Mali sistemdeki oyuncuların ellerinde tuttukları kamu kâğıtlarının ödenebilirliği ve bunun sürdürülebilirliği açısından kurlardaki gerileme tercih edilmiştir. Bu dönemde mali kurumlar iç borç kağıtlarının önemli bir bölümünü mali kurum dışı kesime satarak riski de paylaşmıştır. Kurlardaki trendin devamı veya değişimi büyük ölçüde mali sistemdeki oyuncuların tercihleri ve kararları ile belirlenecektir. Bu kur seviyesi ile cari işlemler açığının finanse edilmesi mümkün olmadığı seviyede mali yatırımlarda TL yerine döviz tercih edilecek ve dövize talep olacaktır. Mali kesim dışındaki reel kesimin döviz talebi döviz kurlarındaki trendin değişimine yeterli olmayacaktır. Döviz kurlarındaki ekonomik bir düzeltme bu nedenle en erken Kasım-Aralık aylarında olabilecektir. Döviz kurlarındaki trendde kırılma ise ancak dış politik kaynaklı (Irak, ABD vb) konulardan olabilecektir.

Sonuç;
Enflasyon, faiz oranları ve kurlardaki iyimser trend büyük ölçüde beklentilerden ve kısmen ekonomik uygulamalardan kaynaklanmaktadır. Bu trend yapısal bir değişim sonucu değildir. Kalıcı olması için bu trendin beklentiler ile değil ekonomideki gerçekleşmeler ve uygulamalar ile desteklenmesi gerekmektedir.

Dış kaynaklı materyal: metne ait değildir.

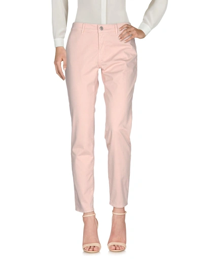plain weave, solid color, mid rise, regular fit, straight leg, leather applications, logo, button, zip, multipockets, chinos , Color: Pink , Size: 31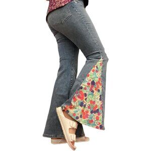 I created these using NWOT Express medium wash high waisted bootcut ripped jeans and added panels of vintage fabric with a raspberry floral pattern. The jeans are a size 10 and have a bit of stretch.
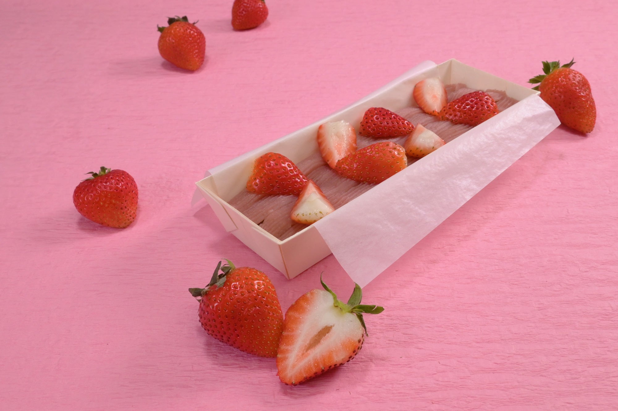 “贅沢苺のわらび餅”は、香り豊かな深みきな粉で包み込んだ生仕立てわらび餅の上に、ほんのりピンク色のいちご餡を絞り、さらにフレッシュな苺をちりばめました。苺の甘酸っぱい風味を活かしたいちご餡と、フレッシュ苺のみずみずしさが、「とろり」と滴り落ちるような食感のわらび餅の美味しさを引き立てます。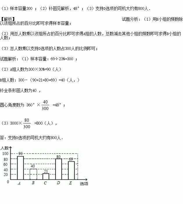 (3)若我市有3000名司机参与本次活动,则支持D选项的司机大约有多少人?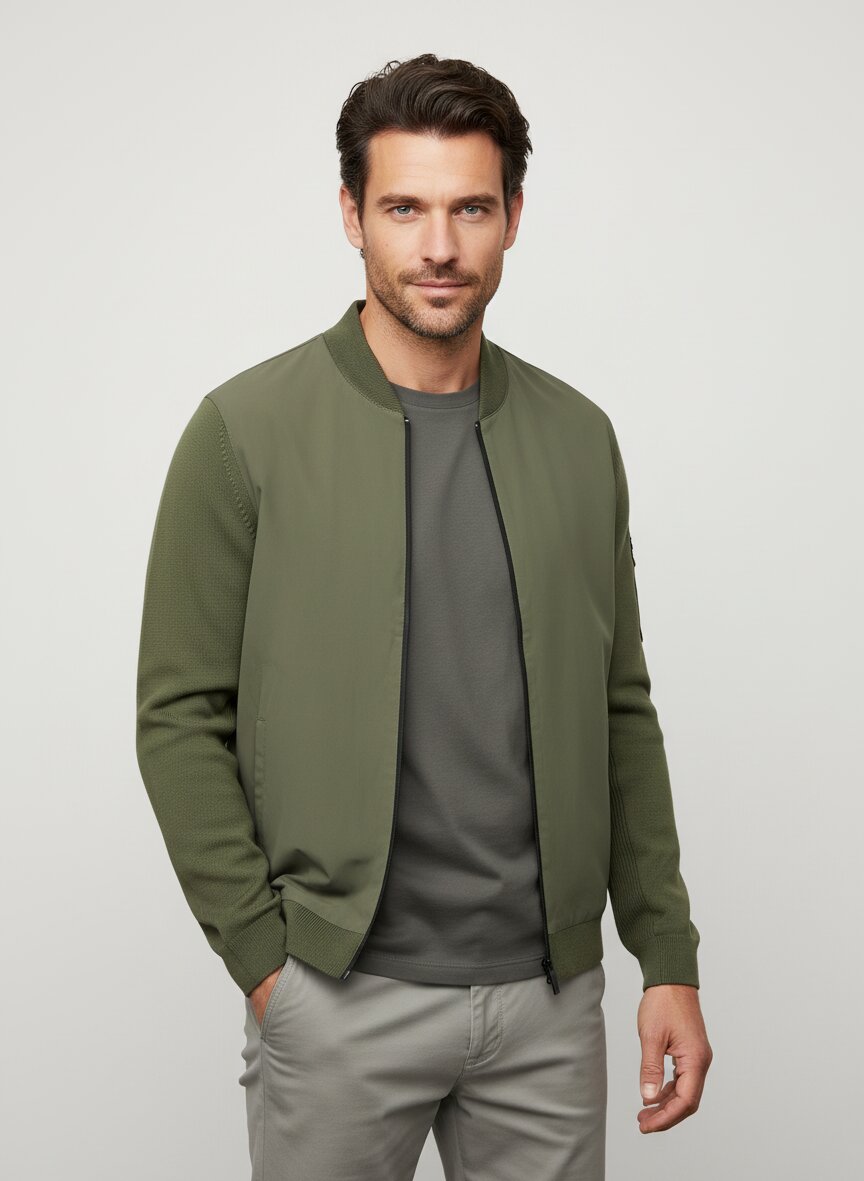 Grüne Sweatjacke mit Schurwolle und technischem Materialmix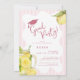 Celebrate your graduate with this bright and cheerful graduation party invitation featuring playful citrus illustrations, soft pink stripes, and a warm, sun‑kissed aesthetic. The front combines fresh artwork with a mix of script and clean typography, creating a lively, modern look that perfectly captures the joy of the season.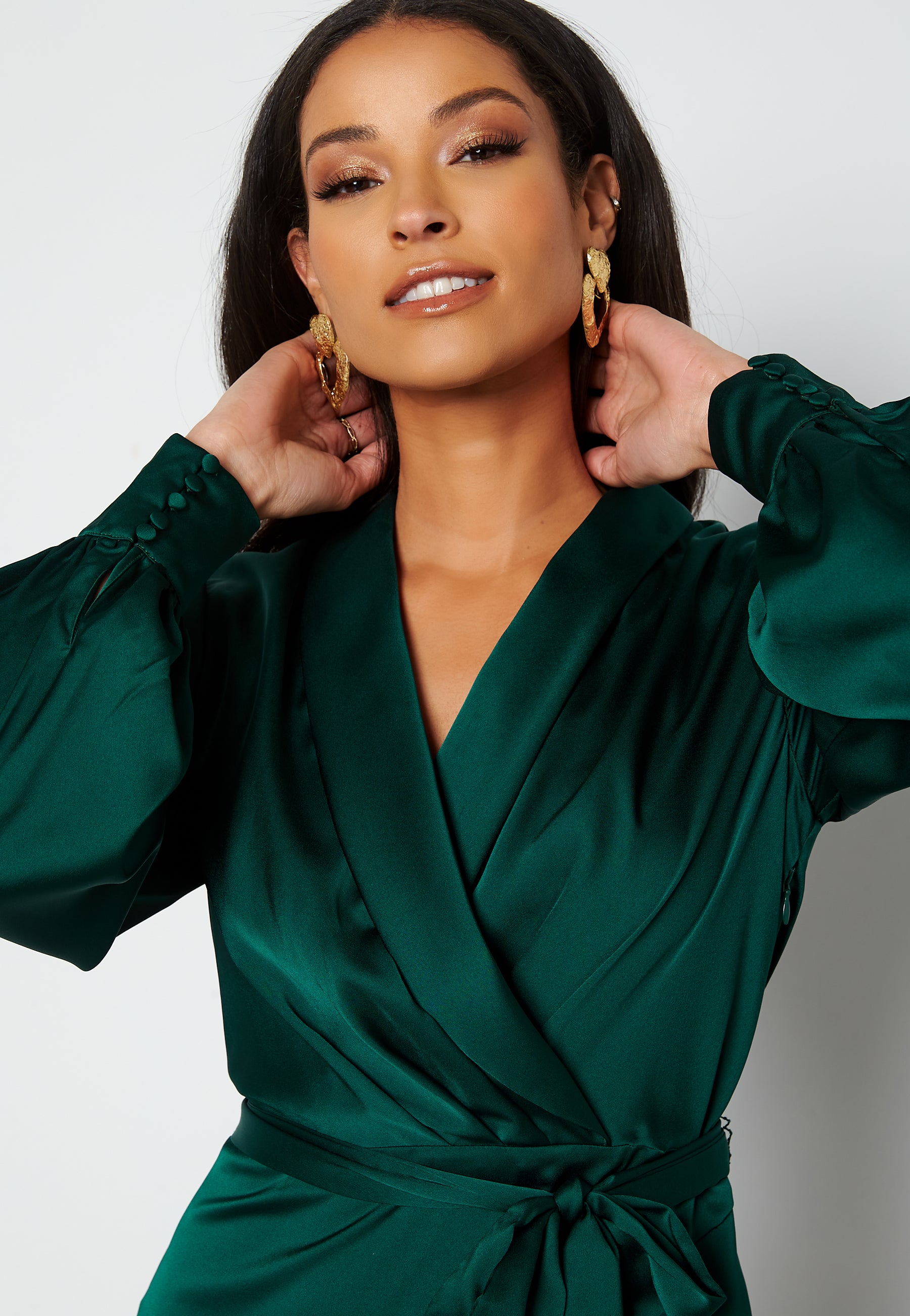 Hieno, röyhelöinen mekko satiinista.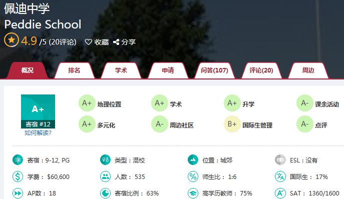 佩迪學(xué)校創(chuàng)立于1864年,位于新澤西州中部,校園占地230英畝,擁有55座建筑,校園景色迷人,環(huán)境優(yōu)美,美麗的校園,卓越的歷史和教育制度,被認(rèn)為是美國最好的寄宿中學(xué)之一。學(xué)校非常注重學(xué)生的個人思想成長,包括道德成長。通過各種課程與活動,塑造學(xué)生擁有個人魅力的人才。學(xué)?,F(xiàn)有來自23個州及23個國家的共530名學(xué)生,并且擁有89名教師,平均有19年教學(xué)經(jīng)驗(yàn),其中80%的人擁有本科以上學(xué)歷,師資力量雄厚。學(xué)校每年獲得的資助非常多,財(cái)力比較雄厚。該校的畢業(yè)生升學(xué)率為100%,其中許多美國頂級大學(xué)都有來自該校的畢業(yè)生,比如UPenn,Columbia,Cornell,Princeton等等。

OPTIMISM IN THE INFLATION, INTEREST RATES AND FOREIGN EXCHANGE


In economy, inflation, interest rates and foreign exchange rates are all outcomes and indicators. In Turkey, there has been a noteworthy downward trend in the inflation and interest rates in the last six months, and the decline in foreign exchange rates has been indisputable. An important question for the economic actors is whether this trend is permanent.

Inflation: The fundamental reason behind the drop in the inflation is the decline in foreign exchange rates. Yet, the prices in the private manufacturing sector did not slump, they remained fixed, which demonstrates that there is a certain rigidity in the price increases. The 15% decline in the agricultural prices is also seasonal and is due to increase after autumn. How long the public sector can sustain without price adjustments is unknown. Most importantly, the effect of domestic demand and consumption on purchasing power, real prices and inflation is now negligible. Once there is resurgence in the domestic demand, this will exert pressure on the prices.

Interest Rates: Since April, interest rates have halved and dropped from 70% to 35%. Interest rates are determined mostly according to the public fiscal balance and the need for financing. In order to secure an enduring decline in interest rates, primary surplus targets and debt/GNP ratios are to be met, but no significant strides have been made in the public sector, which will ensure this. Foreign Exchange Rates: The sustainability of the downward trend in the foreign exchange rates is and will be determined by the expectations, decisions and preferences of the players in the financial system. Only the developments in the foreign politics (Iraq, USA etc.) can change the course of this trend. To sum up, the current optimistic trend is not the result of a structural change. In order for the trend to be sustainable, it has to be buttressed by actual practices and implementations in the economy.